##### RECORD EXCERPTS #####

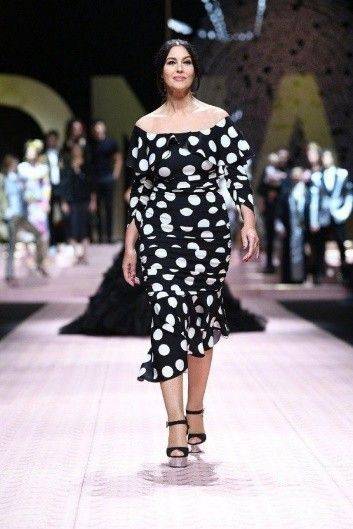 莫妮卡曾经在54岁的时候,身着波点长裙出现在米兰时装周上。身材明显发胖的她腰部褶皱明显,面部岁月痕迹浓郁。
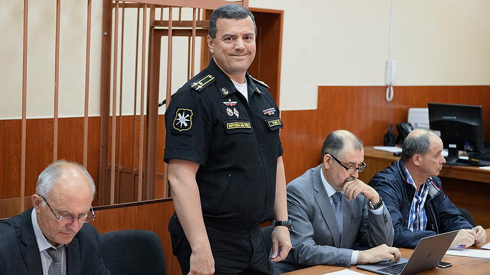Июль 2018 г. Обвиняемый, начальник управления навигации и океанографии Минобороны капитан I ранга Сергей Травин во время заседания 224 Гарнизонного военного суда
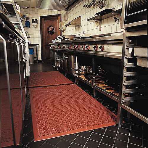 Intitulé du produit Tapis antifatigue caoutchouc polyvalent Sanitop, Largeur: 91 cm, Usage tapis: Modéré, Coloris: Rouge
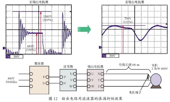 图12 显示了供电电源440 V,功率为3.7 kW的变频器供电给电机(3.7 kW,400 V),在接线长度为100 m时、测量电机接线端子U-V 之间的微浪涌电压的抑制效果。在没有输出滤波器的情况下,微浪涌电压达到1 360 V,相当于变频器内部直流电压680V 的200%。有输出滤波器的时候,顶峰值电压是756 V、相当于变频器器内部的直流电压680 V的111%,它和没有输出滤波器的顶峰电压差距有604 V,抑制效果达89%。
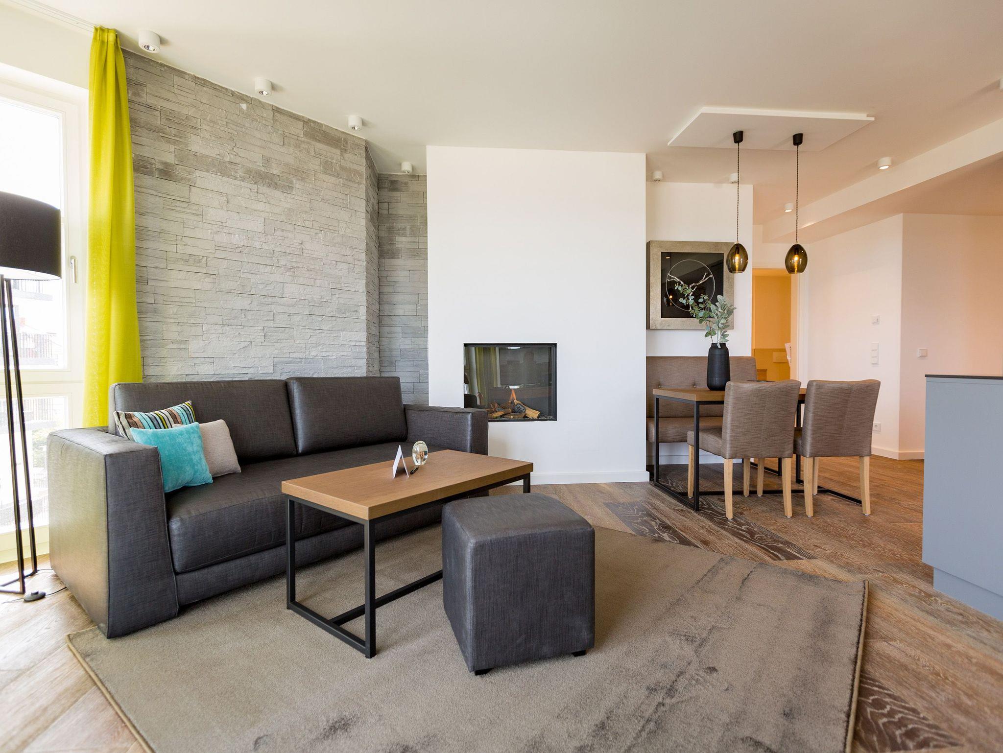 Leiden Sie auch an Meersehnsucht? In diesem Urlaubsparadies im 2. Stock des Beachhouses können Sie auf 74 Quadratmetern mit bis zu vier Personen und einem Kleinkind (bis drei Jahre im Kinderreisebett) Ihre Liebe zur Ostsee mit direktem Blick auf das endlose Blau genießen. Näher dran ist nur noch am Strand. Ob im wunderschön eingerichteten Wohnzimmer oder einem der beiden Schlafzimmer das Meer legt sich Ihnen in allen drei Zimmern zu Füßen. Von den beiden Balkonen (8 und 6 Quadratmeter) können Sie es schon morgens zum Frühstück genießen. Dann glitzert die Sonne auf den Wellen als lägen tausend Diamanten auf dem Wasser. In der offenen Wohnküche finden Sie alles, was Sie zum Zubereiten eines ausgiebigen Frühstückes, aber auch zum Kochen, Braten oder Backen brauchen. Hochwertige Markengeräte wie Geschirrspüler, Backofen, eine Kochinsel, Kühlschrank oder Mikrowelle erleichtern Ihnen das Zubereiten ungemein. Edles Geschirr sorgt für einen noblen Rahmen. Ist das Wetter einmal nicht zum Draußenessen geeignet, lädt der schöne Esstisch zum Einnehmen der Mahlzeiten ein. Das Wohn-Esszimmer strahlt durch seine großen Fenster, die viel Licht einlassen, die angenehmen und wohl temperierten Farbakzente und die exklusiven Design-Möbel eine harmonisierende und entspannende Atmosphäre aus. Auf dem bequemen Sofa lässt es sich wunderbar Relaxen. Für viel Gemütlichkeit sorgt ein Gas-Kamin. Zur Unterhaltung steht Ihnen ein großer Flat-TV sowie eine Hi-Fi-Anlage mit Bluetooth-Funktion zur Verfügung. Das WLAN ist in der Wohnung kostenfrei. Komfortable Boxspringdoppelbetten (1,80 m x 2,00 m und 1,60 m x 2,00 m) werden Ihren Träumen Flügel verleihen und die Urlaubsnächte zu einem echten Vergnügen machen. Ein jedes der beiden Schlafzimmer hat einen eigenen Balkon, einen Flat-TV und einen geräumigen Schrank. Das Appartement verfügt über zwei Bäder, in denen Sie jeweils eine schöne und ebenerdige Regendusche, einen Waschtisch mit großem Spiegel und ein WC vorfinden. Zu einer kleinen Wellness-Auszeit wird Ihr Ostseeurlaub außerdem. Denn im Masterbad erwartet Sie zudem eine Finnische Sauna. Da werden sogar die Schlechtwettertage an der Ostsee zu wunderbar entspannenden Kuscheltagen. Zum Waschen Ihrer Urlaubsgarderobe gibt es in einem separaten Hauswirtschaftsraum einen Wasch-Trockner. Kommen Sie also einfach an und genießen Sie Ihre Auszeit am Meer. Den Rest machen wir. Die Betten sind bei Ihrer Anreise bereits bezogen und Handtücher liegen bereit. In der modernen Tiefgarage ist für Sie der Stellplatz Nr. 11 im Doppelparker unten (max. Höhe 1,85 m, max. Länge 5,10 m, max. Breite 2,50 m, max. Last 2.600 kg) reserviert.
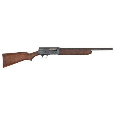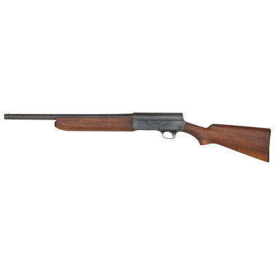 12 Gauge. 19.5" barrel length. SN: 481163. 2.75" chamber length. Cylinder bore. Blued metal finish overall with polished bolt set in smooth walnut semi-pistol grip stock and forend mounting Remington marked synthetic buttplate. Long-recoil operated semi-automatic shotgun fed by an underbarrel tube magazine. Item shows standard make and model marks including MODEL 11 to the bolt, and light engraving of a duck to the left receiver and pheasant to the right. Upper barrel and left receiver struck U.S. followed by the {Ordnance Bomb} stamp. Left receiver further marked MILITARY FINISH. Standard CYL marking to the barrel. Buttstock is unmarked and most likely replaced. Barrel most likely cut down from 20".
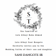 Will You Attend Please RSVP ! We would like to formally invite you to the Wedding Fatiha of Sani Dangote Jnr and Tasnim Baba-Ahmed. Friday, December 12th, 2025 | 1PMSultan Sa’ad Mosque, Baze University, Plot 686 Cadastral Zone , COO, Abuja Please enable JavaScript in your browser to complete this form.Name *FirstLastEmail *Will you attend our Wedding Fatiha ?YesWill not be available Name attend ? Comments Send When & WhereWe love to see you soon The Wedding Fatiha Friday, 12th December, 2025 01.00 PM Sultan Sa'ad Mosque Baze University, Plot 686 Cadastral Zone, COO, Abuja
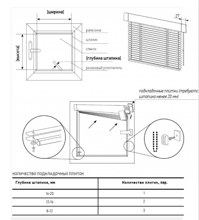 Замер кассетных горизонтальных жалюзи осуществляется по высоте и ширине посередине резинового уплотнителя. При этом необходимо замерять глубину штапика - расстояние от поверхности окна до стекла (перпендикуляр). Кассетные горизонтальные жалюзи не рекомендуется устанавливать на окна с глубиной штапика менее 8 мм.
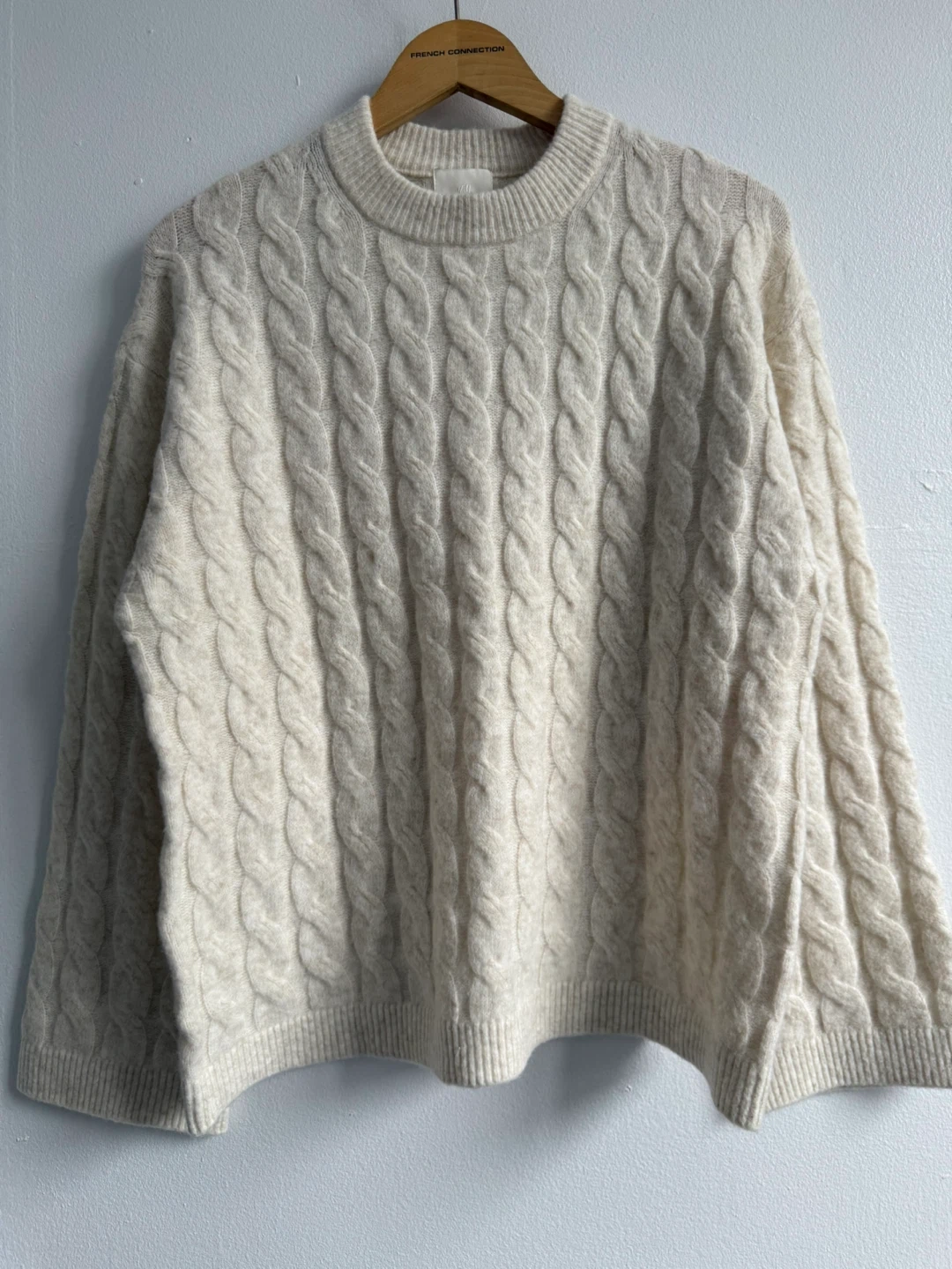 Selling a cozy H&M cable knit sweater says size xs but it’s so oversized on size M or L ! This sweater is not size xs It's a beautiful cream colour and in excellent condition new and clean!
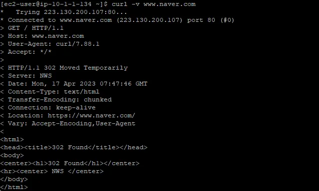 IGW로 잘 통신이 되는지 확인하려면, curl -v <링크>를 입력해보면 된다.
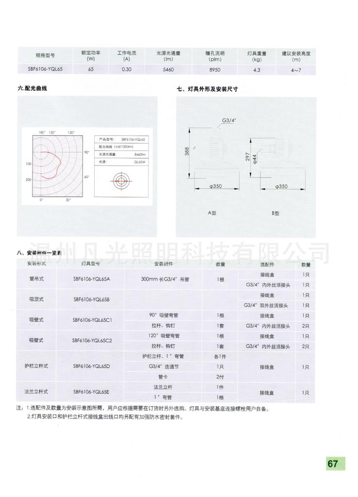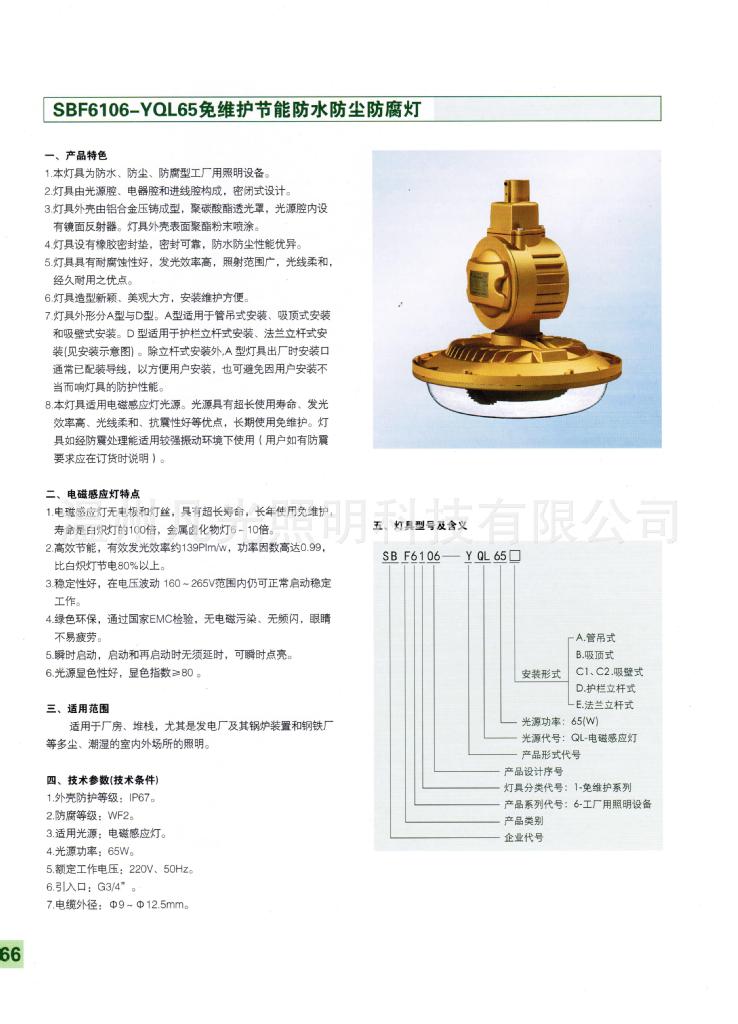 SBF6106-YQL65免维护节能防水防尘防腐灯/sbf6106灯具报价
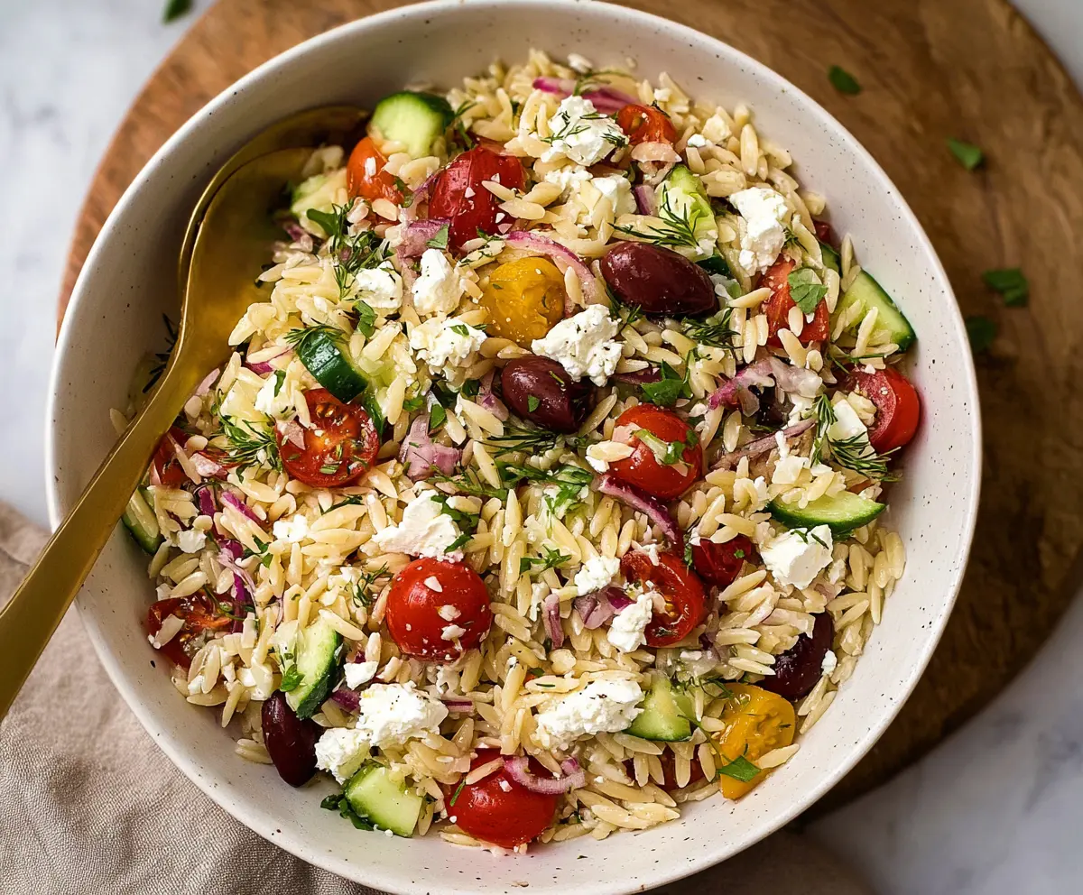 This Feta Orzo Salad is a colorful and tasty dish that brings together the flavors of creamy feta, fresh veggies, and perfectly cooked orzo pasta. It’s quick to make and super refreshing!

#####

HOW TO COMPLETE THIS TASK: Starting with the first line of the data above, write out each line exactly up to and including the line that holds "图12 显示了供电电源440 V,功率为3.7". Pictures stay out.

SOLUTION TO THIS TASK:
 莫妮卡曾经在54岁的时候,身着波点长裙出现在米兰时装周上。身材明显发胖的她腰部褶皱明显,面部岁月痕迹浓郁。
Июль 2018 г. Обвиняемый, начальник управления навигации и океанографии Минобороны капитан I ранга Сергей Травин во время заседания 224 Гарнизонного военного суда
 Intitulé du produit Tapis antifatigue caoutchouc polyvalent Sanitop, Largeur: 91 cm, Usage tapis: Modéré, Coloris: Rouge
 图12 显示了供电电源440 V,功率为3.7 kW的变频器供电给电机(3.7 kW,400 V),在接线长度为100 m时、测量电机接线端子U-V 之间的微浪涌电压的抑制效果。在没有输出滤波器的情况下,微浪涌电压达到1 360 V,相当于变频器内部直流电压680V 的200%。有输出滤波器的时候,顶峰值电压是756 V、相当于变频器器内部的直流电压680 V的111%,它和没有输出滤波器的顶峰电压差距有604 V,抑制效果达89%。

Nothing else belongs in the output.